Обрывочные мысли о Фернандо Пессоа

История эта существует в бесчисленном количестве вариантов. Художника наняли изобразить жизнь Христа. Он бродит по всей стране в поисках мальчика ангельской наружности. Находит его наконец, пишет его портрет, а потом долгие годы блуждает по бесконечным городам и весям в поисках модели для каждого из апостолов. Находит их одного за другим: Иакова, Петра, Иоанна, Фому, Матфея, Филиппа, Андрея и пр. Остается написать последнего — Иуду. Но художнику не удается найти человека столь уродливого, каким выглядит Иуда в его воображении. Художник уже стар и успел забыть, кто заказал ему картину, жив ли этот человек, заплатит ли ему за работу. Он, впрочем, упрям, и вот в один прекрасный день у входа в какую-то таверну он замечает невероятно порочного потасканного обтрепанного бродягу — вне всякого сомнения, пьяницу, развратника и вора, а то и хуже. Художник протягивает ему несколько монет и просит ему попозировать. «Ладно, — со злобной ухмылкой отвечает бродяга, — но сперва давай монеты». И он протягивает чумазую ладонь. Художник соглашается и платит вперед. Проходит много часов. «Ты кого рисуешь?» — спрашивает бродяга. «Иуду», — отвечает художник. Услышав этот ответ, будущий Иуда заливается слезами. «Ты чего плачешь?» — спрашивает художник. «Много лет назад ты написал с меня Христа, — говорит бродяга. — А теперь вон я каким стал».

В некоторых вариантах говорится, что звали этого бродягу Пьетро Бандинелли и он позировал для «Тайной вечери» Леонардо, сперва как Иисус, а потом как Иуда. Есть версия, что его звали Марсолени и что Микеланджело сперва написал с него невинного ребенка Христа, а впоследствии — Искариота.

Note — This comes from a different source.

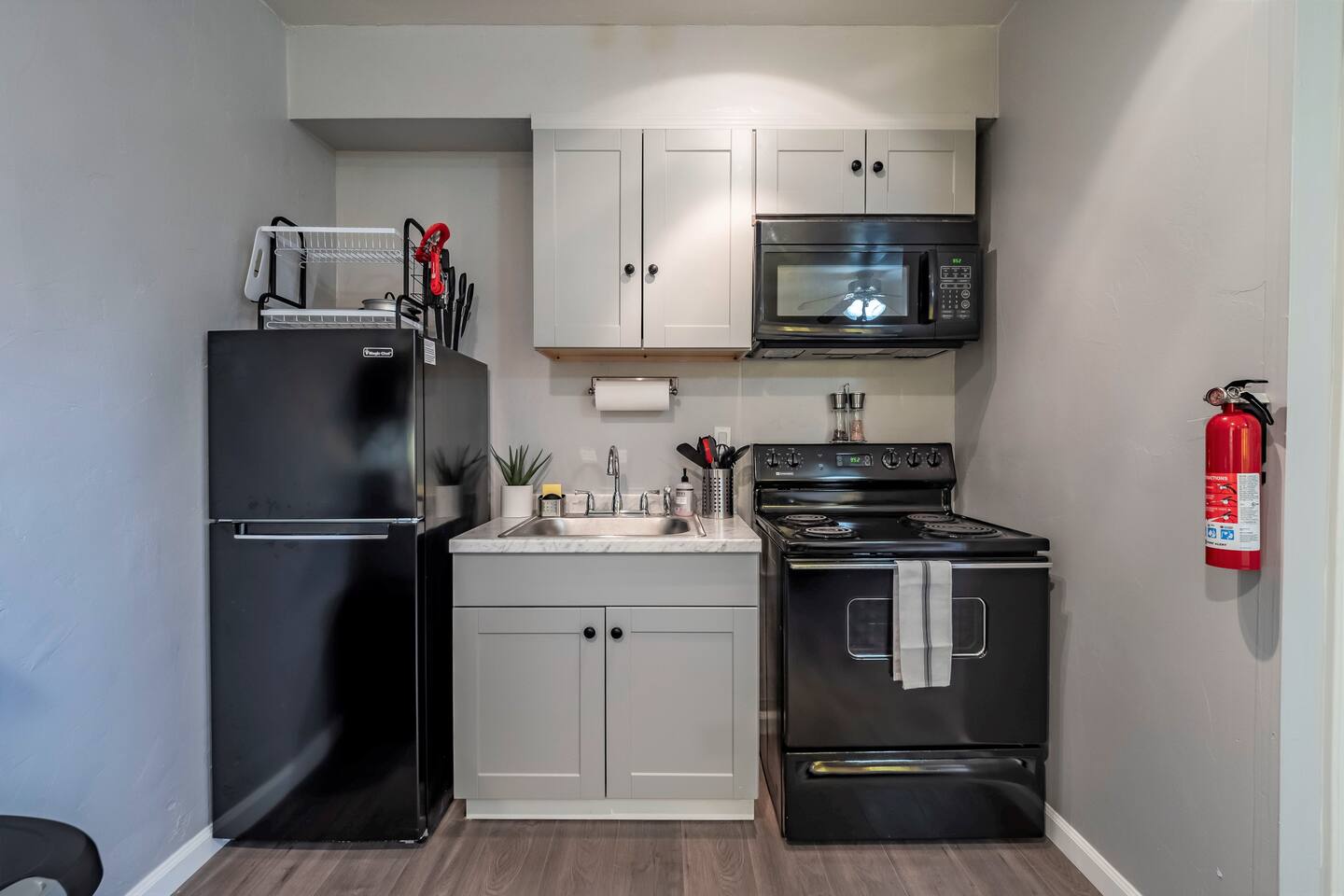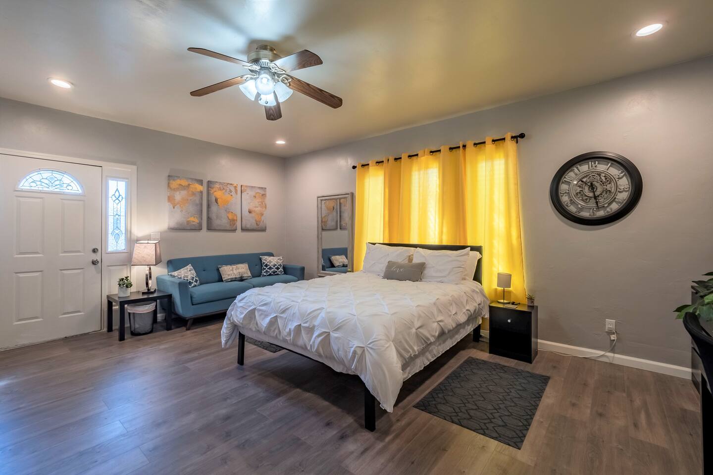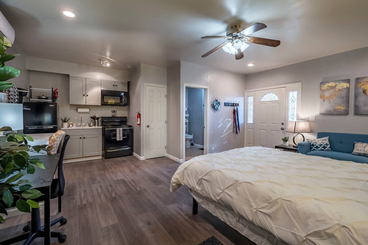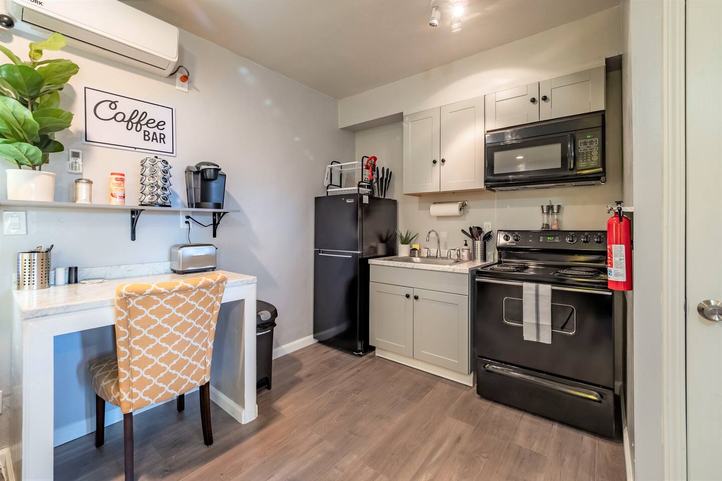 Please note that we have a NoiseAware device inside the home to monitor noise levels. The NoiseAware device is not intended for recording, and please be assured that we cannot hear any audio from it. This unit is 455 sqf, ideal for individuals or couples. Parking strictly in the driveway. NO STREET PARKING 6pm - 6am or you may be towed. Please kindly check additional reminders for the property and note that these are for STRICT IMPLEMENTATION. • No pets. • No smoking, vaping, or use of marijuana at anytime anywhere on the property including apartment complex. The apartment complex has No Smoking rules as well. Because other tenants are smoking does not grant permission. We are providing housing through a corporate lease, being 100% compliant is imperative. No smoking, no cigarette butts littering, no rubbing out burning cigarette tips, and no flicking cigarette ashes anywhere on the property, including the apartment complex. Please smoke on the street. • No parties, events, birthdays, bachelor or bachelorette stays, get-togethers, hangouts and the like. • Check-in is anytime after 4 PM and check-out by 11 AM. • Self-check-in with a smart lock. • Do not disrespect your neighbors. • Do not wash dishes in the bathroom sink. • Do not burn candles, incense, or any other open flames. • We do not allow personal mail deliveries to our property. We can only allow Amazon package deliveries. • Lock the door AT ALL TIMES. We want you and your things to be safe. • Do not have more guests than stated in your reservation and do not have any unapproved visitors. • No loud music or disturbances, especially noise past 10 pm. • Please note that excessive internet data usage will result in a fee of $50 if it goes over the limits of our plan. • If you open it, close it; if you borrow it, return it; if you turn it on, turn it off; if you break it, fix it; if you use it, look after it; if you make a mess, clean it up; and if you move it, replace it. NOTE: We are not responsible or liable for any accidents, injuries, or illnesses that occur while on the premises. We are not responsible for the loss of personal belongings or valuables during your stay. We cannot be responsible for any items left behind. • FEES: A lost remote control (TV, fan, or air conditioner) will result in a $100 charge. • FEES: A $250 fine will be imposed for any type of smoking. • FEES: Unapproved Late Check-Out fees: Every hour after 11 a.m. is an additional $50. • FEES: Additional guests not listed in your reservation will be charged $50 per night per person. Please be completely transparent in your reservation so that you can avoid this issue. • FEES: A $250 fee will be assessed for blocking or covering entrance surveillance cameras. •Toiletries provided in the bathroom are intended for initial use only. These items are meant to serve as a startup kit to get you settled in upon your arrival. For longer stays or if you require additional supplies, we kindly ask that you make the necessary arrangements to purchase these items as needed.

Мне было лет тринадцать, когда отец рассказал мне эту историю, и помню, она произвела на меня сильнейшее впечатление, я бы даже сказал, она меня ошарашила, как будто речь шла не просто про Иисуса и Иуду или про то, как безжалостно меняет нас время; мне показалось, это история про меня — только я даже примерно не мог облечь в слова, в каком именно смысле. Да, время — это то, что происходит со всеми, но история Иисуса-Иуды стала мне своего рода предупреждением или даже предостережением, что во мне, как и в мальчике-Иисусе, сидит сокрытый Иуда, который может в любой момент вырваться наружу, взять надо мной власть, повести меня по необратимо нисходящему пути. Я был мальчиком, но во мне сидел Иуда — я это знал, а хуже всего, отец это, видимо, знал тоже.